Current implementation of ScriptAttributes.add and pc.registerScript return void and this enforce use explict syntaxis:

class Class  extends pc.ScriptType {

}

pc.registerScript('Class', Class);

Class.attributes.add(...);
Class.attributes.add(...);
Class.attributes.add(...);

What is new:

Because add and registerScript will return this and script, we can use it for chaining.

  1. We can use anonymous class as argument: const Class = pc.registerScript('Class', class extends pc.ScriptType {} )
  2. We can chaining attributes: Class.attributes.add('attr1', ...).add('attr2, ....)
  3. We can doing both it together:
    pc
        .registerScript('Class', class extends pc.ScriptType {} )
        .attributes
        .add(...)
        .add(...)

I confirm I have read the contributing guidelines and signed the Contributor License Agreement.

eXponenta avatar Jul 11 '21 11:07 eXponenta

We've had a chat about this in another place, and I personally believe this is a bad API in this particular case.
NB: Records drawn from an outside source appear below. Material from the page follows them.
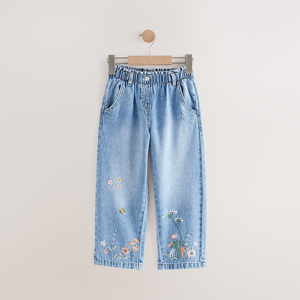 Dial up the denim with our floral print embroidered jeans. Made from pure cotton in a wide leg cut, these elasticated jeans are coated in a pretty floral embroidered design making them perfect for the summer months.
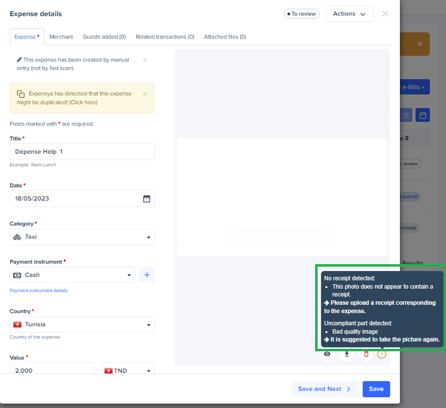Expensya allows verification of image quality and displays a warning in the expense list. If the image quality is insufficient (e.g., blurred), a warning is sent to both the employee and the approver.
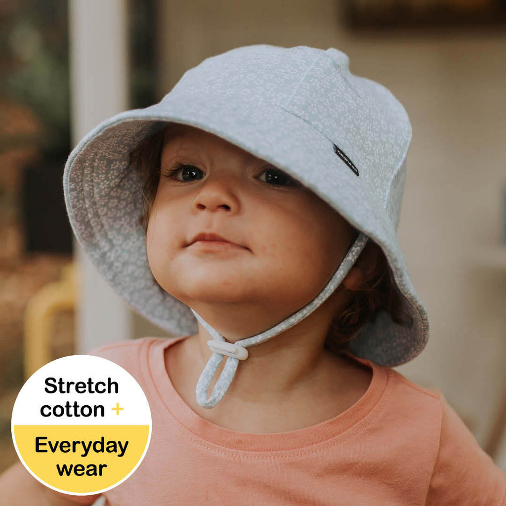 The Bedhead Toddler Bucket hat is a fabulous baby sun hat featuring a soft flexible brim and rated is UPF50+ Excellent Protection!
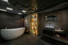 The showroom was intended to be placed on the ground and first floors. When a person enters the showroom, to create a sense of volume and to connect the two floors, the existing RCC slab is cut to create a double-height space with large hanging ceiling lights over it. A reception table clad with 8 feet x 4 feet slim tiles is kept in the middle with the famous Barcelona chairs adorning the visitor area. The double-height wall also has a backlit panel with the initial concept sketch of the building. On the ground floor, a central aisle is planned with separate zones on both sides. These zones are created for different brands and kinds of tiles where each zone has display cassettes and tiles are displayed in different patterns and combinations making it much easier to select. To create the desired dark interiors, the partition walls are clad with dark coloured tiles and multiple niches are created to display contrasting décor tiles. The ceiling and the exposed services are painted dark grey and panels of tiles are hung using MS framework to show creative application. In some places to bring relief, cement grey texture paint has also been used. The ground floor also has an architect’s display area, where he/she can move in, select tiles, put them on a slanter and make concepts for their space. Also in this area, the temperature of lights can be varied from 2700k to 5000k according to the space it has to be fixed in.
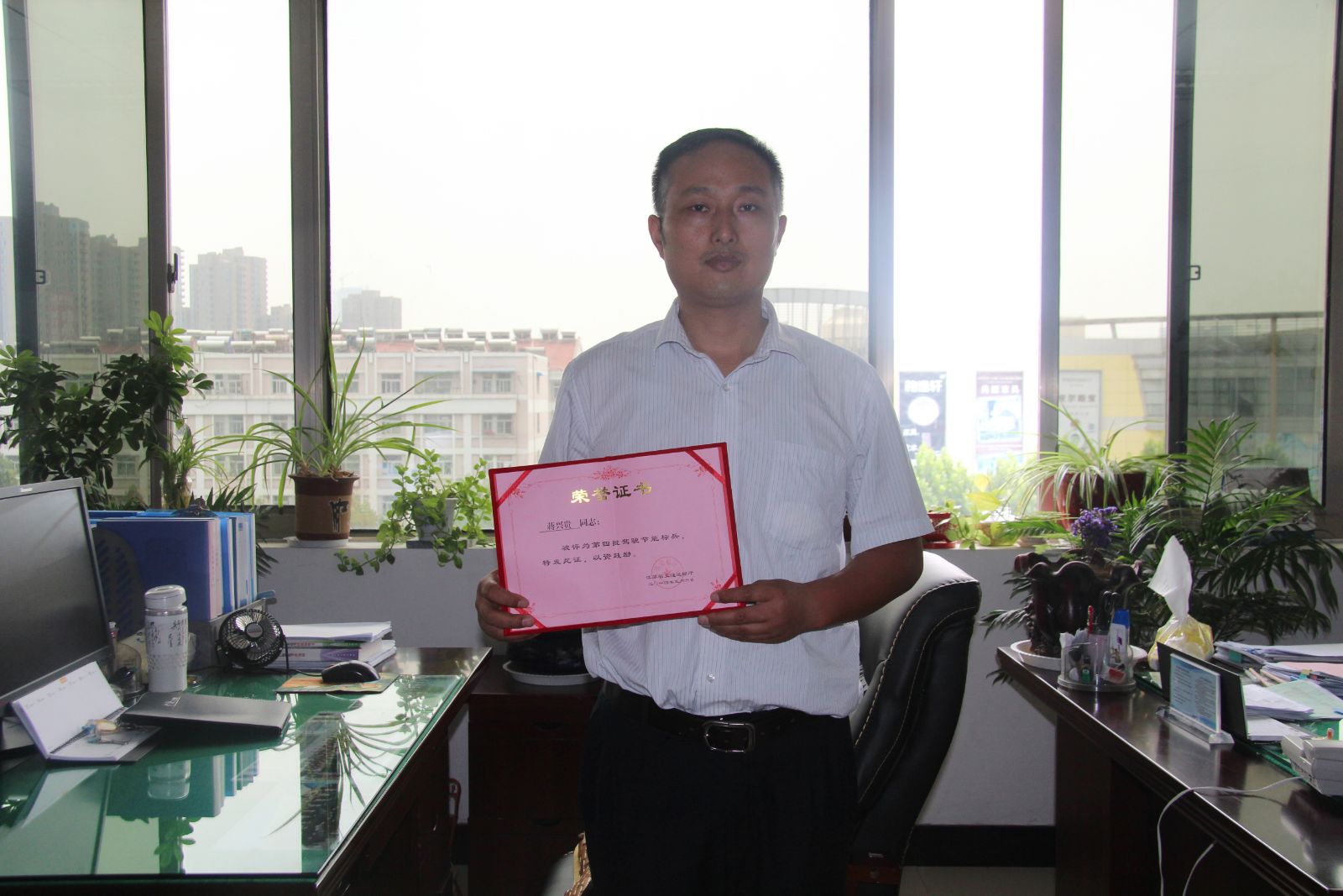 為了保證安全行車、節能降耗,他積極探索、研究,較快地熟悉車輛性能,找到節能降耗的訣竅,車輛進站時,如何踩剎車,乘客站得更穩;車輛轉彎時,打多少方向,車子減少震動,乘客不會有傾斜感覺;車輛行駛中,如何保持勻速,避免急剎車;車輛在什么狀態下最節氣等。慢慢地他掌握了節能降耗的方法。2013年,蔣興貴安全行車達10.3萬公里,節氣3145.77公斤,總價值2萬余元,對公司來說,運營成本降低了,對市民來說,乘車更加安全,城市環境也變得越來越好了。
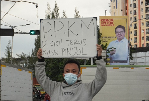 Pemerintah jangan hanya razia masker, bubarkan pedagang kecil, coba razia kalangan atas yang melanggar PPKM dan “Menyebut ppkm ini sebagai kepanjangan dari peraturan-peraturan konglo merat”, tulis isi poster yang di bentangkan para KAMMI UNISMA di samping lampu merah Revo Town.
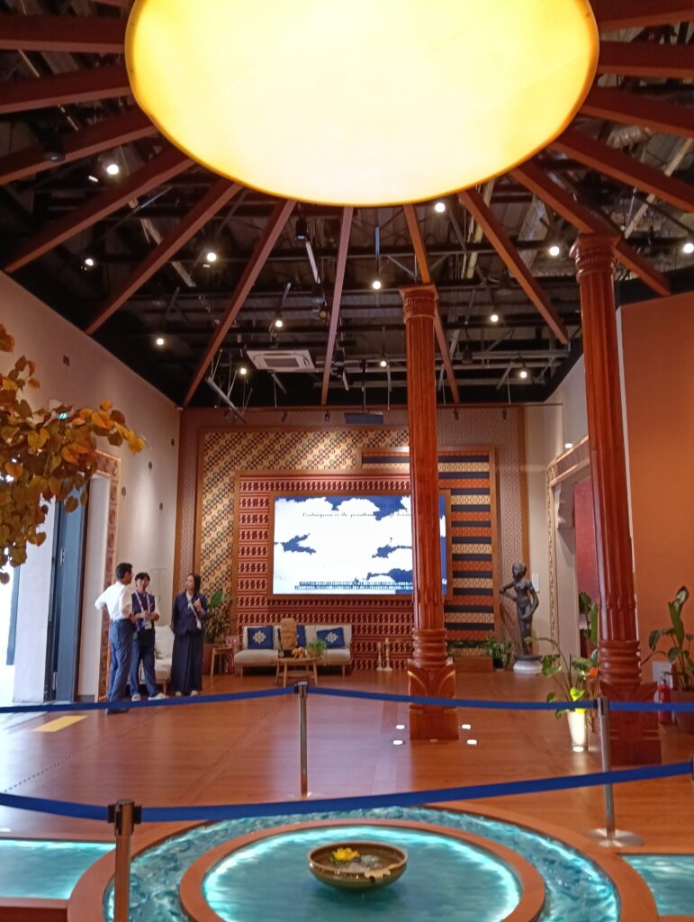 パビリオンの中はこんな感じで、寺院と稲作推しです。
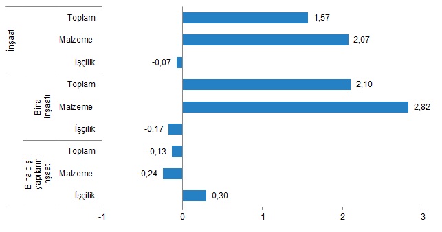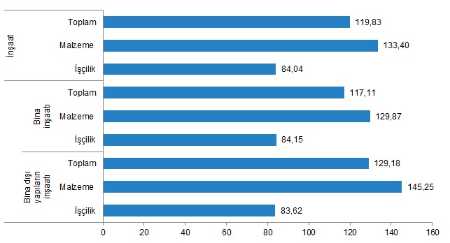 Bina inşaatı maliyet endeksi, bir önceki aya göre %2,10, bir önceki yılın aynı ayına göre %117,11 arttı. Bir önceki aya göre malzeme endeksi %2,82 arttı, işçilik endeksi %0,17 azaldı. Ayrıca bir önceki yılın aynı ayına göre malzeme endeksi %129,87, işçilik endeksi %84,15 arttı.
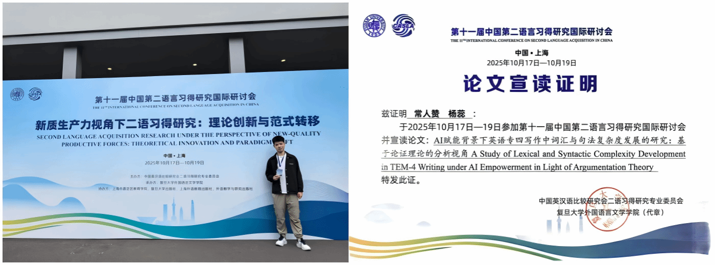 詹先君教授关于心理需求驱动学习投入的研究,为学习干预提供实证依据。杨蕊博士探讨了MBTI人格类型对AI平台接受度的影响,为差异化教学提供借鉴。常人赞同学作为此次唯一参会的本科生,在分论坛汇报了AI赋能下英语写作复杂度发展研究,为AI辅助外语写作教学提供实践参考。这是我院本科生首次在该级别学术会议上发言,展示了“本科生早期科研导师制”的探索成效,对卓越英语人才培养具有重要意义。会议期间,师生与《The Modern Language Journal》等国际期刊主编交流,明晰了国际学术期刊选题趋势与投稿规范,为后续成果国际化发表搭建桥梁。
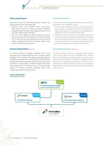 Tentang PHE Subholding UpstreamAbout PHE Subholding UpstreamPasar yang DilayaniSecara garis besar, PHE Subholding Upstream melayani dua pangsa pasar dari bisnis yang dikelola yaitu:1. Penjualan migas, yang dijalankan sesuai prinsip-prinsip dasar kontrak kerja sama di sektor hulu migas berdasarkan kesepakatan Anak Perusahaan (AP) sebagai kontraktor kontrak kerja sama (KKKS) dengan SKK Migas.2. Jasa hulu migas, logistik, dan distribusi dijalankan oleh AP Services, yaitu PT Pertamina Drilling Services Indonesia (PDSI) dan PT Elnusa Tbk. Penjualan dilaksanakan masing-masing AP kepada pelanggan berdasarkan kesepakatan dengan tetap mengacu pada regulasi yang berlaku.The Served MarketIn general, PHE Subholding Upstream serves two market shares of the business under management, namely:1. Oil and gas sales, which are carried out in accordance with the basic principles of cooperation contracts in the upstream oil and gas sector based on the agreement of the Subsidiary as a cooperation contract contractor with SKK Migas.2. Upstream oil and gas, logistics, and distribution services are carried out by Services subsidiaries, namely PT Pertamina Drilling Services Indonesia (PDSI) and PT Elnusa Tbk. Sales are carried out by each subsidiaries to customers based on agreements while and with due observance of applicable regulations.Struktur Kepemilikan [OJK C.3.c]PT Pertamina (Persero) merupakan pemegang saham utama Perusahaan yang memiliki kepemilikan saham langsung sebesar 99,9968%. Hal ini mengingat PHE sebagai Subholding Upstream mengelola sumber daya alam minyak dan gas bumi yang dikuasai langsung oleh Negara berdasarkan Undang-Undang yang berlaku. Sementara itu sisanya sebesar 0,0032% merupakan kepemilikan tidak langsung oleh PT Pertamina Pedeve Indonesia. Dengan demikian PT Pertamina (Persero) merupakan entitas induk sekaligus entitas pemilik akhir Perusahaan. Ownership Structure [OJK C.3.c]PT Pertamina (Persero) is the main shareholder of the Company which has direct share ownership of 99.9968%. This is because PHE as an Subholding Upstream manages oil and gas natural resources that are directly controlled by the State based on applicable laws. Meanwhile, the remaining 0.0032% is indirect ownership by PT Pertamina Pedeve Indonesia. Thus, PT Pertamina (Persero) is the holding entity as well as the ultimate owner entity of the Company. 56 7 8 9 10 1172 Laporan Keberlanjutan %u2022 PT Pertamina Hulu EnergiPemerintah (Kementrian BUMN)Government (Ministry of SOE)100%PT Pertamina (Persero)99,9968%PT Pertamina Pedeve Indonesia0,0032%Struktur KepemilikanOwnership Structure
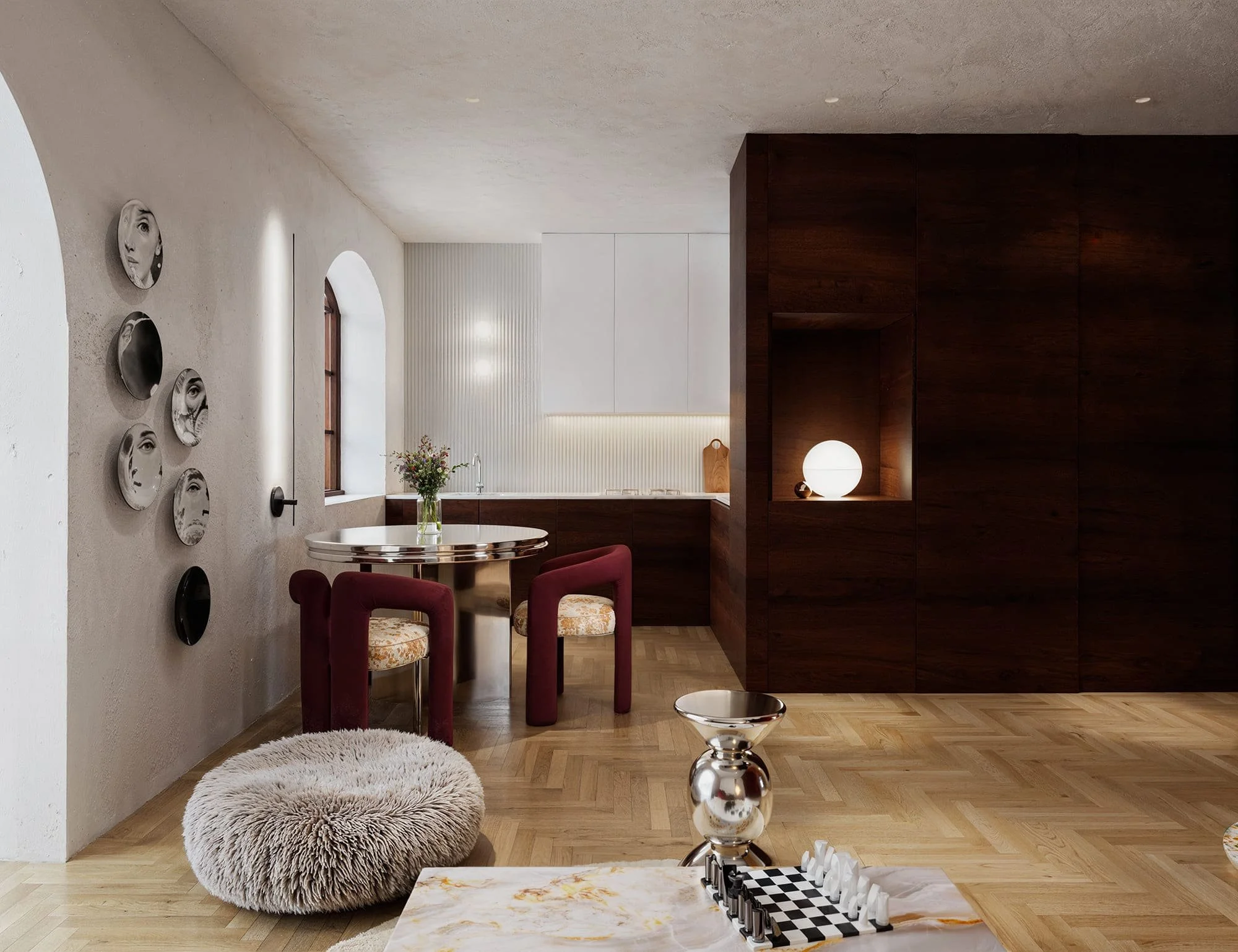 The project explores the art of defining space within a compact layout, using color, bespoke carpentry, and tactile materials to balance function and design.
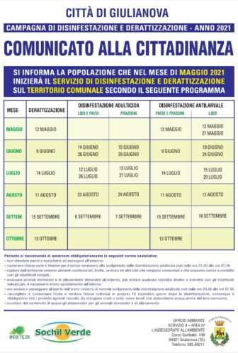 Giulianova – Al via il nuovo intervento di disinfestazione adulticida notturna contro le zanzare, nel territorio di Giulianova. Le operazioni, effettuate dagli operatori e dai mezzi della ditta specializzata, avverranno nella notte compresa tra lunedì 28 e martedì 29 giugno, a partire dalle ore 23.00 circa, nelle zone del Lido e del Paese. Le frazioni, invece, verranno interessate dagli interventi di disinfestazione nella notte successiva, ovvero quella tra martedì 29 e mercoledì 30 giugno, sempre dalle ore 23.00.
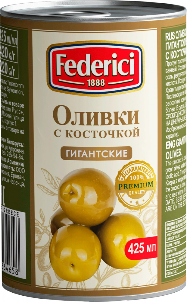 Federici Оливки с косточкой «Гигантские»В данный момент этот товар отсутствует в продаже. Возможно, у нас найдется аналогичный или похожий товар здесь. Насладитесь по-настоящему крупными оливками с косточкой от итальянского производителя Federici. Эти гигантские оливки в 2-3 раза больше обычных, но такие же сочные и ароматные. Выращены в Италии по традиционным технологиям из лучших сортов. Отлично подойдут для перекусов, салатов, горячих блюд. Косточка внутри сохраняет все полезные свойства. Выбирайте проверенное качество от Federici! |
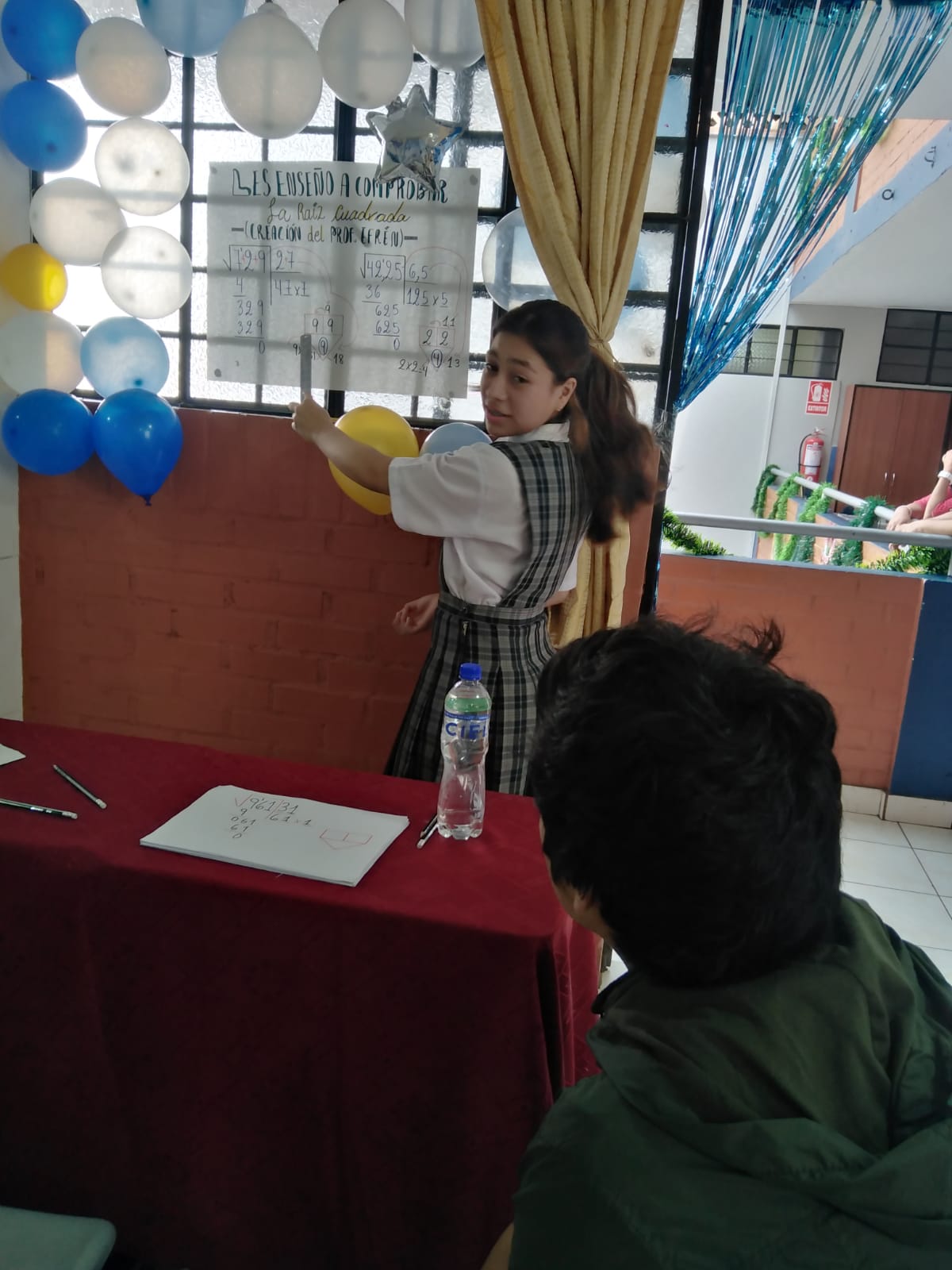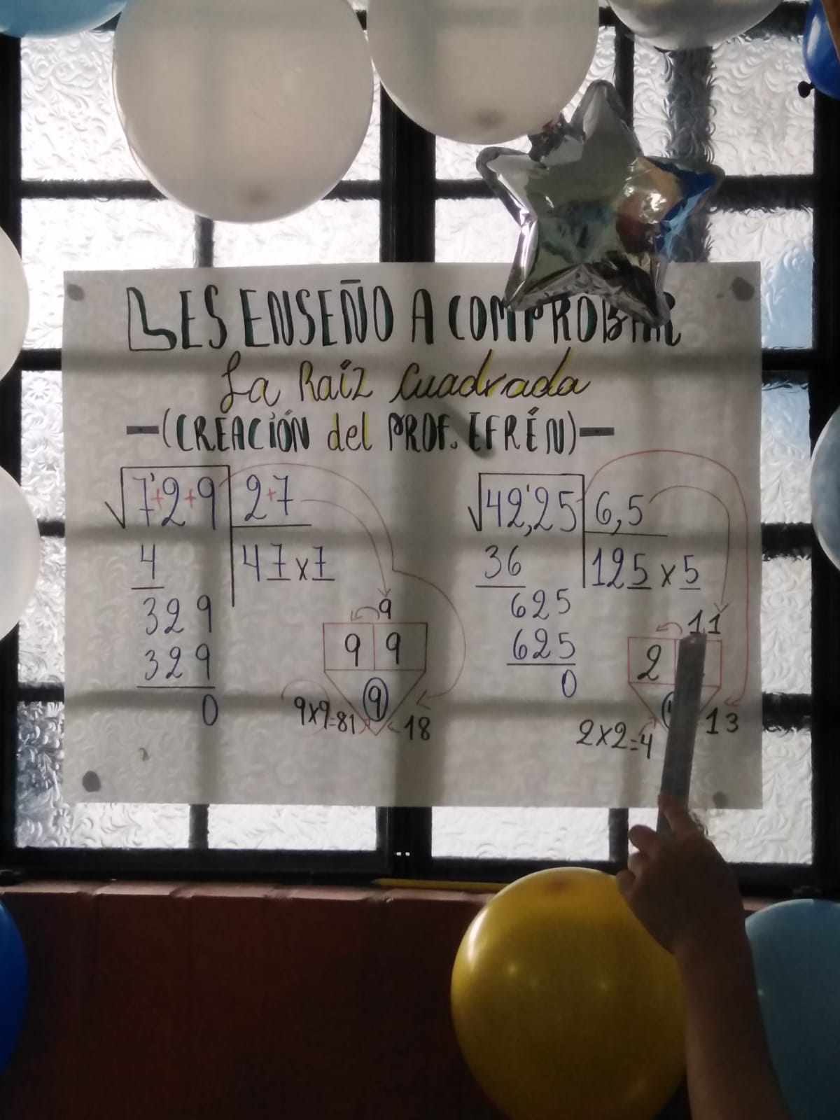 Durante el reciente evento académico, una destacada alumna tuvo el honor de presentar un método único y efectivo para comprobar raíces cuadradas. Este método, ingeniosamente desarrollado por nuestro talentoso profesor "Efrén", ha generado un gran impacto en nuestra enseñanza de matemáticas.

Reasoning:

  1. Chaining should serve functional meaning, like chaining tween animations, routing middleware, or vector maths due to simple methods and often need a lot of it in a row.
  2. Chaining leads to returning this which then blocks API design to such decision, and changing it will not be possible.
  3. Multi-line chaining - is difficult to read and leads to unconventional indentation, especially when there are objects or functions defined in each call (look at events).
  4. Multiple ways of doing the same thing - lead to a steeper learning curve.

An example where chaining which was a good idea at first glance, lead to regret later: events chaining. Defining events in a chain makes no functional purpose, as it is exactly the same as defining events one after the other, also prior is cleaner to read. But it leads to that on returns this, while there is a useful pattern to return event handler, which could be used to unsubscribe from events. But we cannot do that anymore.

So if chaining - does not implement a functional meaning, and the same functionality is already possible, then adding an alternative coding style which will introduce unnecessary code differences - personally, I would not implement it.

Maksims avatar Jul 12 '21 07:07 Maksims

Hi @eXponenta - thanks for the PR, but after the discussion above, I agree this does not provide advantage over what the API currently does. I'm closing this.